- SUPPLIED MATERIAL
━━━━━━━━━━
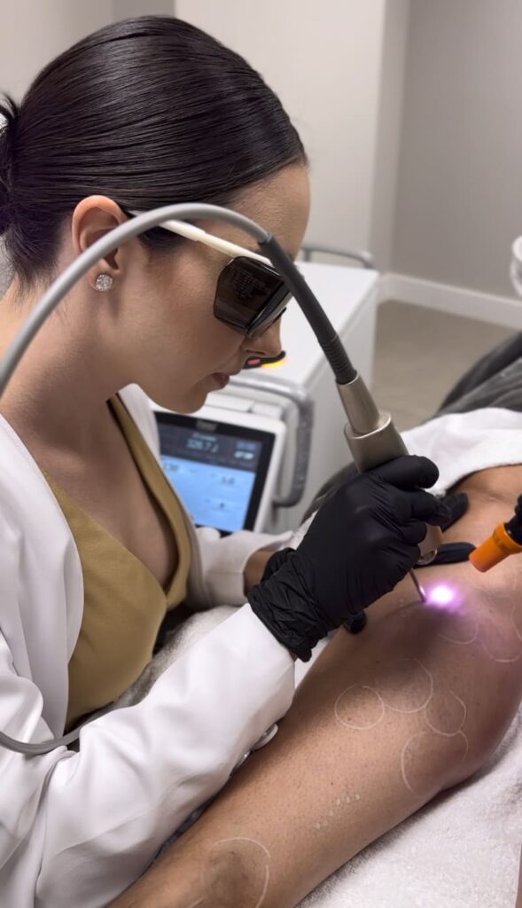 É um dos tratamentos mais modernos que existe hoje para as telangiectasias e pequenas varizes, que antigamente só podiam ser tratadas de forma cirúrgica com microcirurgia.
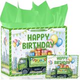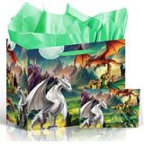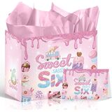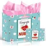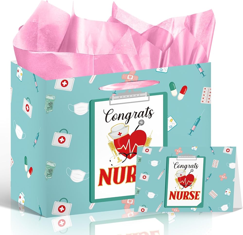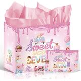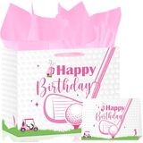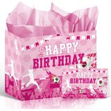 Large Gift Bag: Pink gift bag measures 11.8" W x 9.8" H x 5.3" D, can fully hold birthday gifts or souvenirs, such as books, mugs and so on; Greeting card measures 7.8" W x 5.9" H, there is plenty of space to express your care
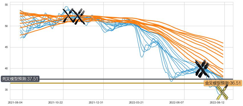 ➢ 55小时均线于(2022-07-08: 39.49)形成【死叉】基于【死叉历史模型】预测死叉后最低波谷价格: 35.07, 死叉后最低价格33.06,已经下跌超出预测最低波谷价格, 预期反弹
━━━━━━━━━━
- EXERCISE GOAL
Without including the pictures, copy all of the data exactly.

- RESPONSE TO THIS EXERCISE
 É um dos tratamentos mais modernos que existe hoje para as telangiectasias e pequenas varizes, que antigamente só podiam ser tratadas de forma cirúrgica com microcirurgia.
 Large Gift Bag: Pink gift bag measures 11.8" W x 9.8" H x 5.3" D, can fully hold birthday gifts or souvenirs, such as books, mugs and so on; Greeting card measures 7.8" W x 5.9" H, there is plenty of space to express your care
 ➢ 55小时均线于(2022-07-08: 39.49)形成【死叉】基于【死叉历史模型】预测死叉后最低波谷价格: 35.07, 死叉后最低价格33.06,已经下跌超出预测最低波谷价格, 预期反弹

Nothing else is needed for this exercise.